Recherche ton frère pour moi et retrouve ta maman, car le ciel t’en prend une et t’en donne une autre. Tu n’es pas orphelin, quand tu trouveras ton frère, dis-lui qu’il a été mon courage, ma détermination. Donne lui cette lettre qu’il connaisse lui aussi son histoire.
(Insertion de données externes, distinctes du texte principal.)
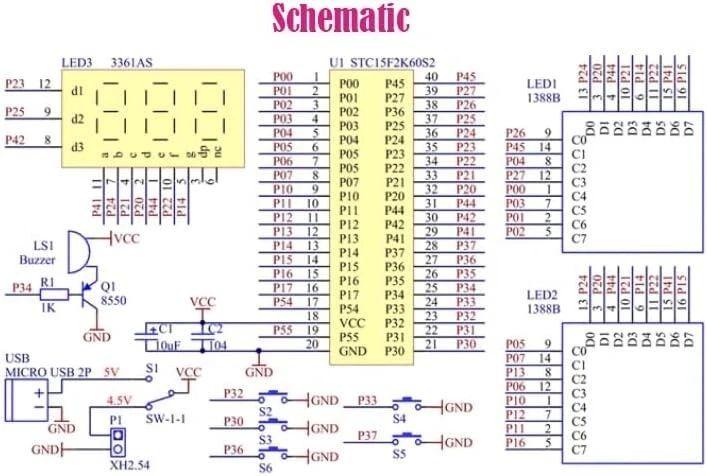 A čo by si k tej schéme ešte chcel? Vnútorné zapojenie displejov a procesora? Tá schéma je kompletná. Podrobnejšia snáď už ani byť nemôže.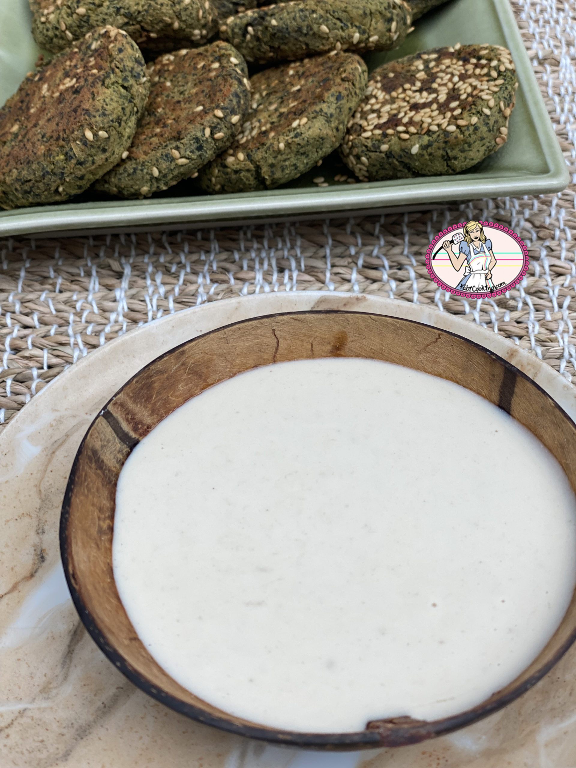 6. Déguster avec une sauce à la tahiné préparée avec :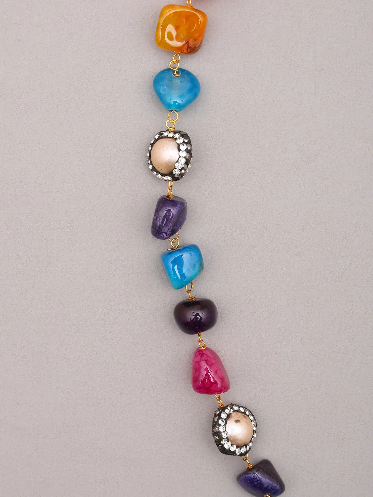 Adorn yourself with a masterpiece that blends the vibrant hues of nature with the intricate artistry of traditional design. This exquisite necklace set is a celebration of color, texture, and meticulous craftsmanship, designed to captivate and enchant. The necklace features a captivating array of natural stones, each chosen for its unique shape, size, and brilliant color. From deep blues and purples to fiery reds and sunny yellows, the stones are meticulously strung together, creating a lively and dynamic cascade that draws the eye. Interspersed among these natural gems are delicate pearls and shimmering accents, adding a touch of refined elegance and subtle sparkle.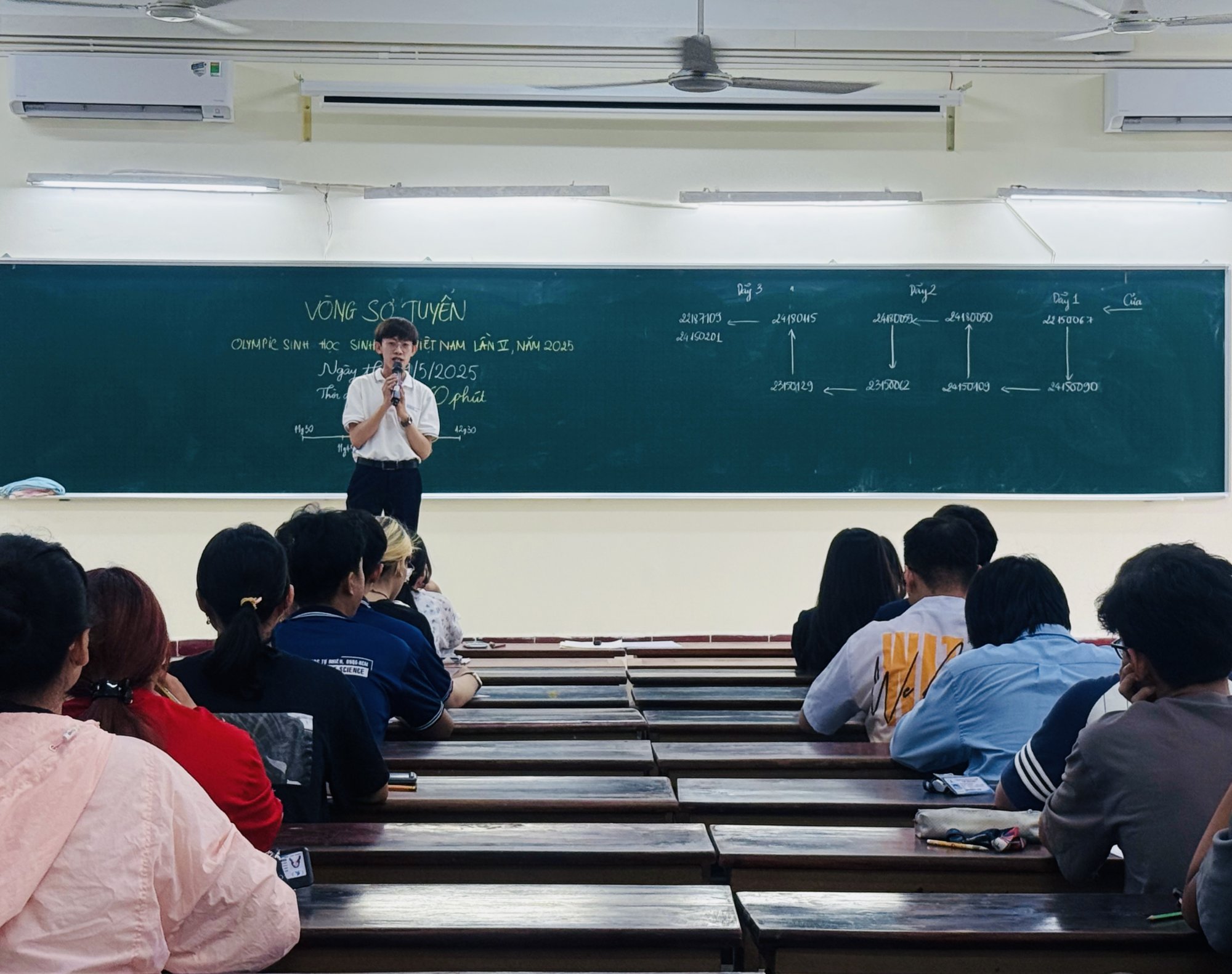 Vòng sơ tuyển lựa chọn đội tuyển đại diện Khoa Sinh học - Công nghệ Sinh học tham dự cuộc thi “Olympic Sinh học Sinh viên Việt Nam” lần V, năm 2025 đã diễn ra vô cùng sôi nổi với sự quan tâm, đăng ký tham gia với hơn 139 Sinh viên tại 2 cơ sở thi vào ngày 19/5/2025 vừa qua. Dẫu thời tiết tại cơ sở Linh Trung có chút bất lợi vì mưa to, nhưng cũng chẳng thể làm chùn đi bước chân và ý chí của các thí sinh đến tham dự vòng thi.

Dis-lui que son père se nomme Cheick Ivan Coulibaly et qu’il est un  petit poète qui vit avec sa femme et ses enfants dans un quartier. Je ne sais où. Qu’il le cherche s’il veut plus de réponses.

Ne pleure pas mon bébé, maman est là dans ton cœur. Aujourd’hui je sais pourquoi je t’ai tant aimé, c’est pour que tu puisses en donner un peu à ton frère. Trouve-le et aimez-vous, soyez des frères, grand mère t’aidera.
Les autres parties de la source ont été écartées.